Developing Targeted Cell Therapies for Liver Diseases
In person and online
As part of our Monday seminar series we are delighted to welcome our speaker:
Shinichiro Ogawa MD, PhD
Affiliate Scientist, McEwen Stem Cell Institute, Ajmera Transplant Centre
Assistant Professor, Department of Laboratory Medicine and Pathobiology, University of Toronto
Hosted by
How to join
The event will be hybrid.
To join in person: Medical Sciences Building MSB 2170, University of Toronto
To join online: A Zoom link will be sent to the LMP community in the Friday events bulletin.
If you are not part of LMP and wish to join this talk online, please contact:
Louella D'Cunha
Speaker bio: Shinichiro Ogawa
Dr. Shinichiro Ogawa joined the McEwen Stem Cell Institute in 2019 as a Principal Investigator with a cross appointment at Ajmera Transplant Centre, University Health Network, and an Assistant Professor at the department of laboratory medicine and pathobiology at the University of Toronto. His research program is focused on developing cell- and tissue-based replacement therapies that can provide an alternative therapy to liver transplant for patients with liver failure.
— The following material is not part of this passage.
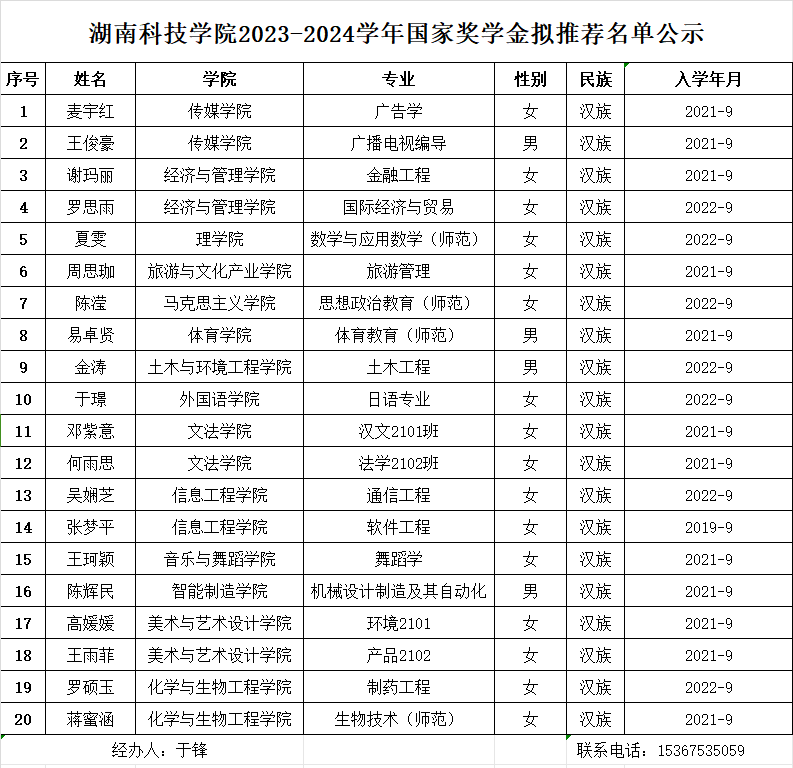 根据湖南省教育厅等5部门关于印发《湖南省学生资助资金管理办法》的通知(湘财教〔2022〕13号)、湖南省学生资助管理中心《关于做好2024年普通高校国家奖助学金评审工作的通知》(湘学助〔2024〕30号)文件要求和《bat365中文官方网站学生奖励办法》、《bat365中文官方网站学生资助管理办法》、《bat365中文官方网站国家奖学金、国家励志奖学金、国家助学金管理办法》有关规定,学工部于2024年9月25日召开资助专干会议,安排部署评奖工作。经学生个人申请,各学院初审、公示,学工部审核。拟推荐化学与生物工程学院蒋蜜涵等20名同学参评2023-2024学年国家奖学金。
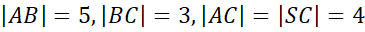 Wyznacz cosinusy kątów trójkąta ABS, jeśli dany jest ostrosłup trójkątny, w którym krawędź SC jest prostopadła do podstawy ABC oraz

Dr. Ogawa completed his PhD at Shinshu University School of Medicine in Nagano, Japan and his MD at the Tokyo Medical University in Tokyo, Japan. He completed a post-doctoral fellowship in the laboratory of Dr. Gordon Keller at the McEwen Centre for Regenerative Medicine prior to his appointment. Dr. Ogawa also holds an appointment as Professor at the Department of Surgery at Shinshu University School of Medicine in Japan.
In his research, he has developed methods to use hPSCs to generate liver progenitors (hepatoblasts), which can generate functional liver cells. He has used these progenitors to develop mature liver cells and bile duct epithelial cells, both of which have the characteristic properties of functional cells in the liver. In his work with the McEwen Stem Cell Institute, Dr. Ogawa is using hPSC-derived liver cells and organoids to assess restoration of liver function in an experimental model with the goal of developing treatments for liver failure. He is also using hPSC-derived bile duct epithelial cells to develop models to study Cystic Fibrosis Liver Disease and screen drugs for treatment.